Similarly, after tweaking each hyperparameter above, the setting with the highest accuracy scores can be selected as the hyperparameter value setting for the Decision Tree Model.

### 7. Evaluation of the Decision Tree Model

One error that misleads the readers of the notebook is a code-level error which results to an incorrect evaluation of the Decision Tree model, and consequently, makes the comparison with respect to the confusion matrices between the Neural Network model and Descision Tree model inaccurate. Looking at the screenshots below, one can see that the first figure is a confusion matrix intended for the neural network model while the second figure is a confusion matrix intended for the decision tree model; but, both have exactly the same results.

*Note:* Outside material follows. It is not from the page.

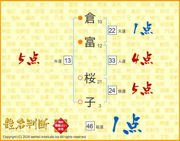 倉富桜子さんの人運は33画の4点!

![image.png](attachment:image.png)

![image.png](attachment:image.png)

The reason why this phenomenon occurred is because y_pred was not defined for the decision tree model prior the evaluation. You can see from the screenshot below that prior the execution of the code to output the confusion matrix, y_pred is still defined for the neural network model.

![image.png](attachment:image.png)

With this said, prior the evaluation of the Decision Tree Model, the code below was revised to add the correct definition of y_pred for the Decision Tree model.

In [None]:
from sklearn.metrics import confusion_matrix, ConfusionMatrixDisplay

#This code was added to properly define y_pred for the Decision Tree model
y_pred = tree.predict(x_test)

cm = confusion_matrix( y_test, y_pred, labels=tree.classes_)
print(cm)
disp = ConfusionMatrixDisplay(confusion_matrix=cm,display_labels=tree.classes_)
disp.plot()
plt.show()

It can be seen from the screenshot below that once the code has been applied, the confusion matrix output will correctly be aliged with the Decision Tree model. In actuality, the confusion matrix output of the Decision Tree model is different from the confusion matrix output based on the Neural Network model, contrary to what was shown in the Mobile Dataset notebook.

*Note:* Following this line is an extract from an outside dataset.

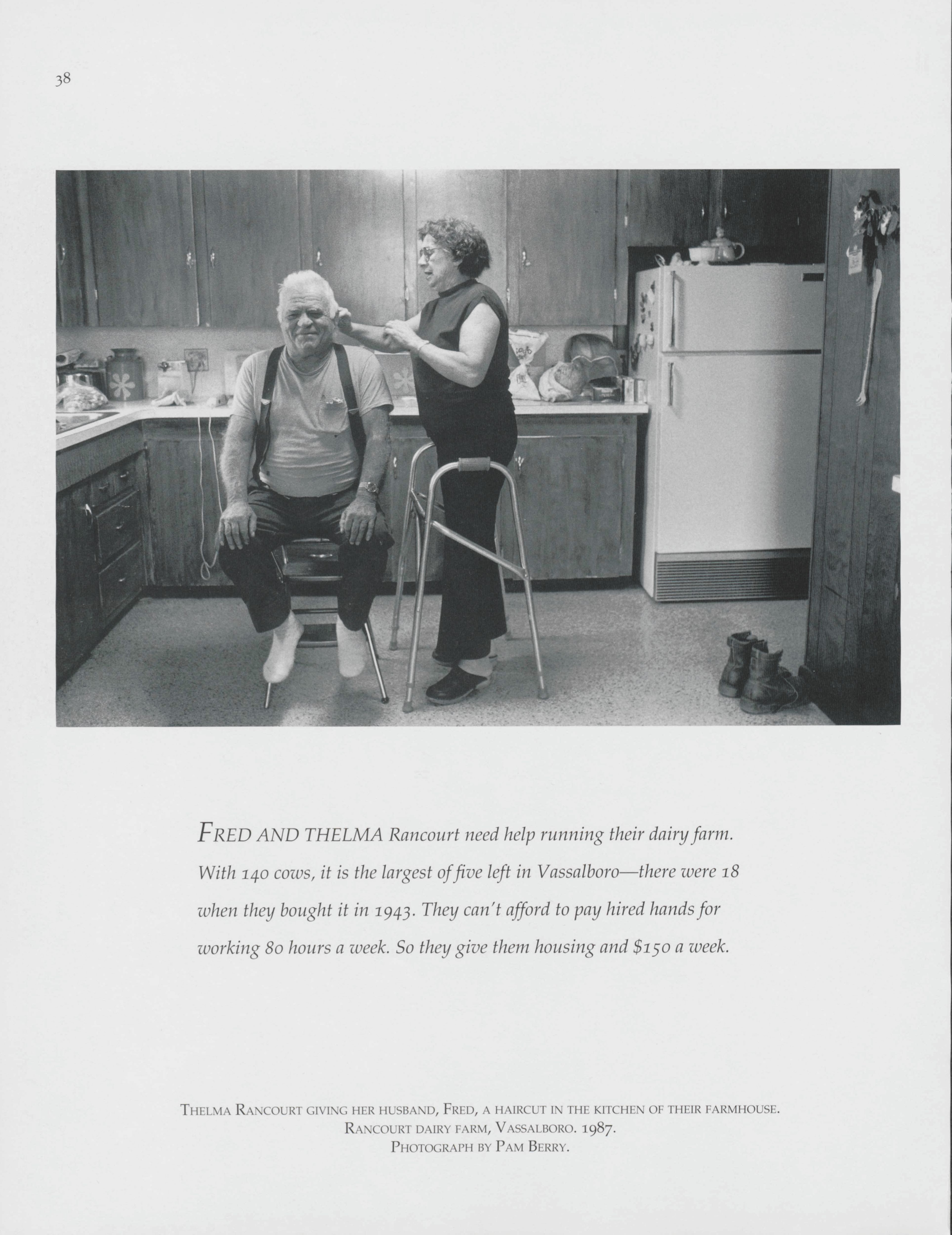 Living on a farm with over 140 cows, the Rancourts need help running the farm. Pam Berry documents a moment between Thelma and Fred Rancount in their kitchen.

![image.png](attachment:image.png)

In this critical analysis report, I examined the Mobile Price Dataset and have determined several areas for improvement. In my analysis, I have pointed out that the notebook on Mobile Price Dataset lacked essential steps such as data cleanup, handling of missing and invalid values, checking for duplicates, and handling outliers. These steps are crucial to ensure the integrity and reliability of the dataset before performing any analysis.

Furthermore, the analysis did not address the issue of data distribution and normalization. Feature selection was another important aspect that was overlooked in the analysis. The notebook also did not employ the use of baseline models, which serve as a reference point for understanding the dataset and setting performance expectations.Cross-validation, which simulates multiple train-test splits, was also not performed in the analysis.Lastly, the hyperparameter settings of the models were not thoroughly evaluated. Hyperparameters play a crucial role in model performance, and their selection should be based on comprehensive evaluation. 

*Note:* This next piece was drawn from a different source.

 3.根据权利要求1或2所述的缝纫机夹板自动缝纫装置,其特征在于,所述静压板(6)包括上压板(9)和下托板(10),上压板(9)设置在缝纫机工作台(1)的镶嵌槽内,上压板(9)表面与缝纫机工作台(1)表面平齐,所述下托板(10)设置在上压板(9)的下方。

In conclusion, the Mobile Price Dataset analysis requires improvements in data cleanup, feature selection, data distribution handling, baseline model selection, cross-validation, and hyperparameter tuning. By addressing these areas, the analysis can enhance its reliability, interpretability, and predictive performance, ultimately providing more valuable insights and findings.